→ PROBLEM DESCRIPTION: What is needed is an exact reproduction of the listing, without its pictures.

→ RECORDS SHOWN:

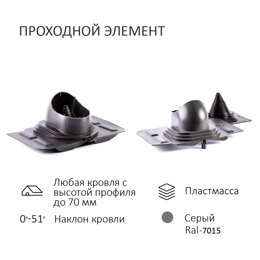 U - Проходной элемент UNIVERSAL применяется на кровлях из металлочерепицы или на других типах покрытия скатных кровель с любым типом профиля с высотой до 70 мм (в том числе и натуральная черепица при использовании сверла по стеклу и керамике, и саморезов для кирпича) для установки вентиляционных труб.
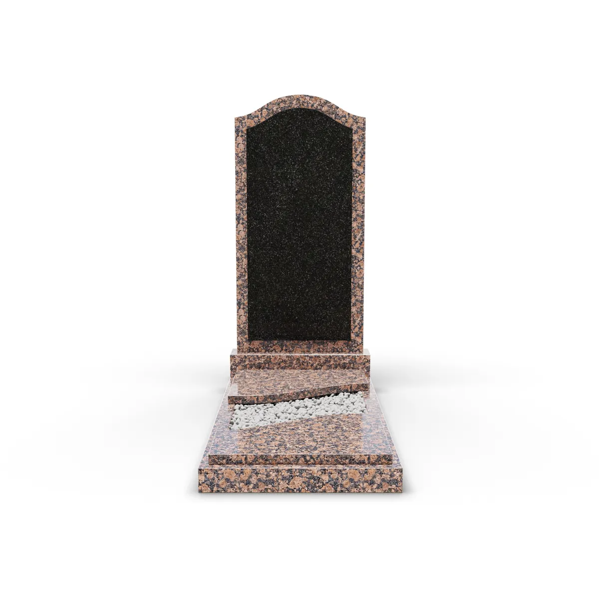 Комбинированный памятник «КукП11В Ю-Султаевский» - сочетает строгий минимализм с элегантностью классического дизайна. Изготовленный из высококачественного гранита, он украшен черной вставной плитой из Габбро. Верх стелы имеет изящную форму «плечи». Ширина тумбы - 55 см. Памятник выполнен в минималистичном стиле, где каждая деталь продумана до мелочей: четкие линии плит и прямоугольный постамент, накрытый двумя короткими плитами, создают ощущение спокойствия и сдержанности. Материал подчеркивает форму памятника, делая его достойным выбором для увековечения памяти.
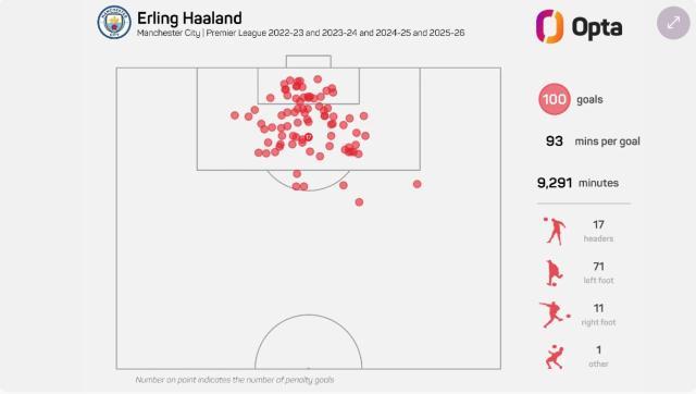 数解哈兰德:25岁英超百球疯,30岁英超史一锋!
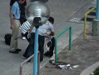 據悉,有人不甘被包圍,曾低聲稱“你有槍,我沒有。”最后,青年終棄械投降,被警員鎖上手銬,由救護員剪爛其褲管為他止血,然后送往瑪嘉烈醫院救治。現場留下大灘血漬。
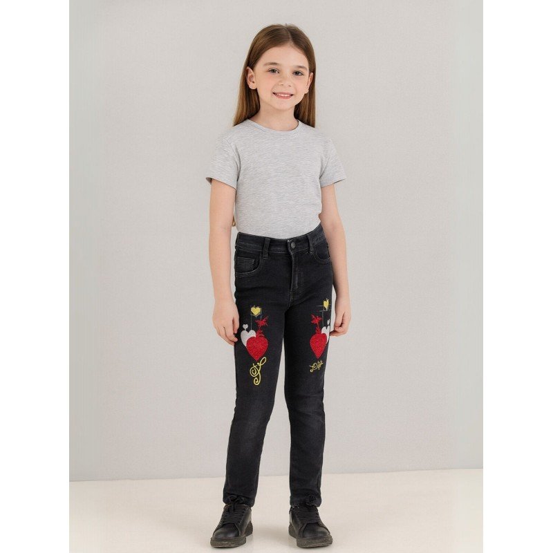 بنطلون جينز بناتي مزخرف لون أسود
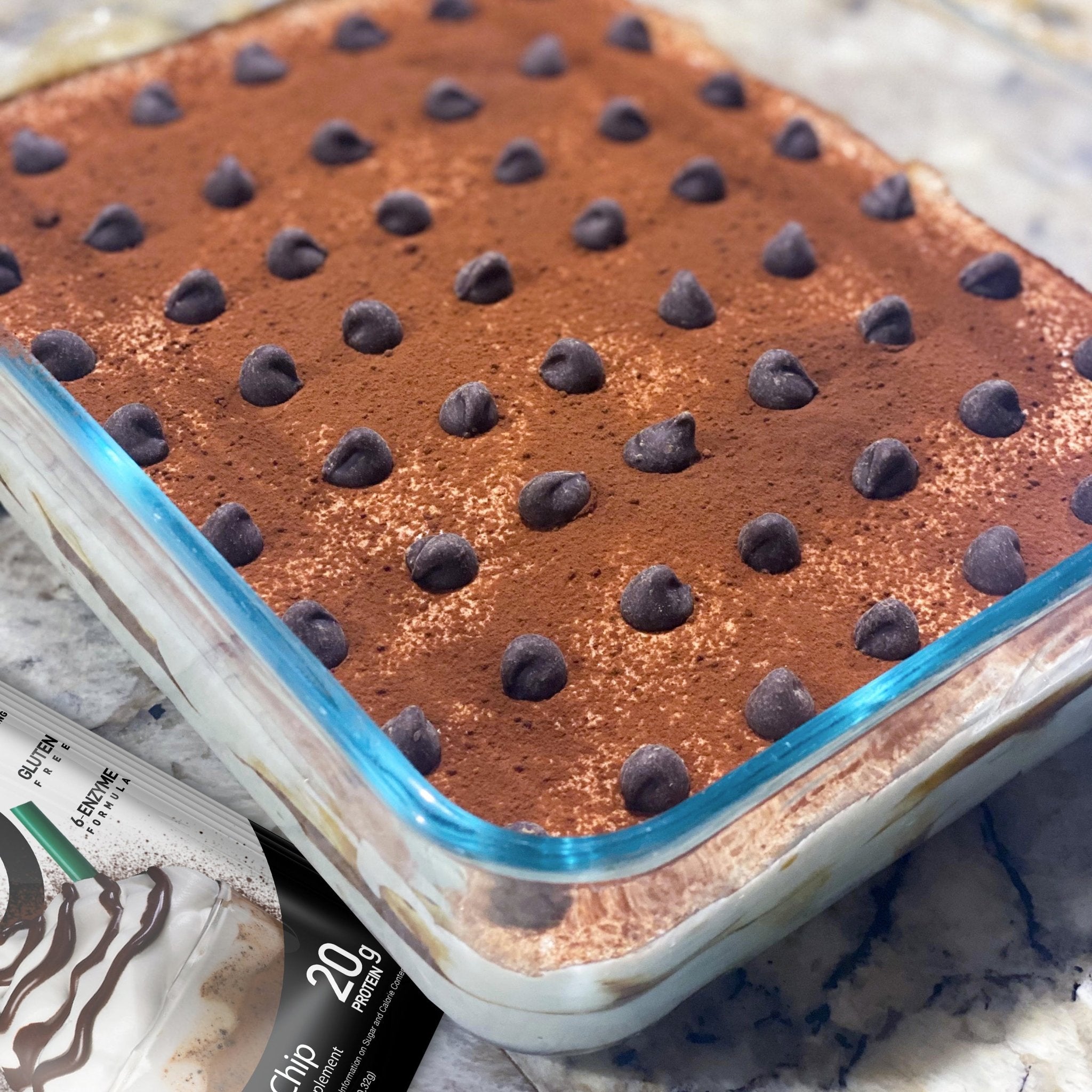 - Dust cocoa powder and top with chocolate chips. Refrigerate for several hours to allow cheese/pudding mixture to set and tiramisu to chill.

→ YOUR SOLUTION:
 U - Проходной элемент UNIVERSAL применяется на кровлях из металлочерепицы или на других типах покрытия скатных кровель с любым типом профиля с высотой до 70 мм (в том числе и натуральная черепица при использовании сверла по стеклу и керамике, и саморезов для кирпича) для установки вентиляционных труб.
 Комбинированный памятник «КукП11В Ю-Султаевский» - сочетает строгий минимализм с элегантностью классического дизайна. Изготовленный из высококачественного гранита, он украшен черной вставной плитой из Габбро. Верх стелы имеет изящную форму «плечи». Ширина тумбы - 55 см. Памятник выполнен в минималистичном стиле, где каждая деталь продумана до мелочей: четкие линии плит и прямоугольный постамент, накрытый двумя короткими плитами, создают ощущение спокойствия и сдержанности. Материал подчеркивает форму памятника, делая его достойным выбором для увековечения памяти.
 数解哈兰德:25岁英超百球疯,30岁英超史一锋!
 據悉,有人不甘被包圍,曾低聲稱“你有槍,我沒有。”最后,青年終棄械投降,被警員鎖上手銬,由救護員剪爛其褲管為他止血,然后送往瑪嘉烈醫院救治。現場留下大灘血漬。
 بنطلون جينز بناتي مزخرف لون أسود
 - Dust cocoa powder and top with chocolate chips. Refrigerate for several hours to allow cheese/pudding mixture to set and tiramisu to chill.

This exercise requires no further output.